MEHMET ALİ ŞAHİN (Karabük) – Ama misafirlerimize takdim etmem lazım.
Sırrı Süreyya Önder…
ALTAN TAN (Diyarbakır) – Esas üye Sırrı Bey, bugün ben yedek üyeyim.
FARUK BAL (Konya) – Doğan Bey, zatıaliniz engellilerle ilgili açıklamalarda bulundunuz. Malum, Anayasa’nın 61’inci maddesinde, diğerleriyle birlikte, engellilere farklı bir tanımlamayla devlet koruyucu özelliğini ortaya koyan bir hüküm vardı. Daha sonra 2010 Anayasa değişikliğiyle “Engellilere pozitif ayrımcılık yapılacaktır.” diye bir madde daha ilave edildi. 2010’dan sonra, engellilerin durumuyla ilgili pozitif bir gelişme oldu mu?

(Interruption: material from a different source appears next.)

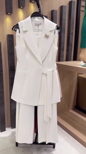 Головна » Магазин » Одяг » Жіночі костюми » Костюм (жилетка на запах под пояс+классические брюки) белый

HİTİT ÜNİVERSİTESİ MESLEK YÜKSEKOKULU ÖĞRETİM GÖREVLİSİ DOĞAN DEMİRCİ – 2010’dan sonra, bizim şöyle, bunu hissetmek biraz zaman alıcı bir şey olsa gerek. Yani çünkü bunu görebilmeniz için belli düzenlemelerin yapılıp bunların sonuçlarını ortaya koymanız lazım. Çünkü şöyle göremiyoruz yani ben de göremiyorum yerine göre. Ben yaşadığım şehri görebiliyorum, belki diğer şehirleri göremiyorum ama genel anlamda bazı sıkıntılar var. Genel sıkıntı şu: Yani ne yapıldığına yönelik bizim, net, ortada somut bir şey yok. Yani nedir? Örneğin bir dışarı çıktığınızda… Ben biraz daha şanslıyım belki yerine göre ama tekerlikli sandalyeli bir birey her yere ulaşamıyor, önünde bir sürü fiziki engeller…
FARUK BAL (Konya) – O sorunları sormadım ben. Pozitif bir ayrımcılığı ortaya koyan bir şey ortaya çıktı mı?
HİTİT ÜNİVERSİTESİ MESLEK YÜKSEKOKULU ÖĞRETİM GÖREVLİSİ DOĞAN DEMİRCİ – Pozitif ayrımcılığı ortaya koyan, o anlamda bir şey ben görmedim.
FARUK BAL (Konya) – Peki, teşekkür ederim.
MEHMET ALİ ŞAHİN (Karabük) – Zabıtlara geçsin diye hemen ifade edeyim: Kamuya özürlü personel de alınıyor. Bu sene ilk kez kamu personeli seçme sınavı yoluyla değil, kendi aralarında, özür grubuna göre ayrıca özel sınavlar yapılacak. Bu Anayasa’daki işte “Pozitif ayrımcılık yapılacaktır.” hükmünün bu seneki bir uygulaması olacak, ilk defa olacak. Özürlülerle ilgili, 20 küsur bin özürlü bu sene alınacak, özel sınavlarla alınacak. Daha önce hepsi birlikte sınava tabi tutuluyordu, özür gruplarına göre, onlara tahsillerine göre ayrı ayrı sınavlar yapılmak suretiyle engelli vatandaşlarımızın kamuda istihdamı konusunda bu yeni bir uygulama olarak bu sene başlayacak. Sanıyorum müracaat süreleri de başladı.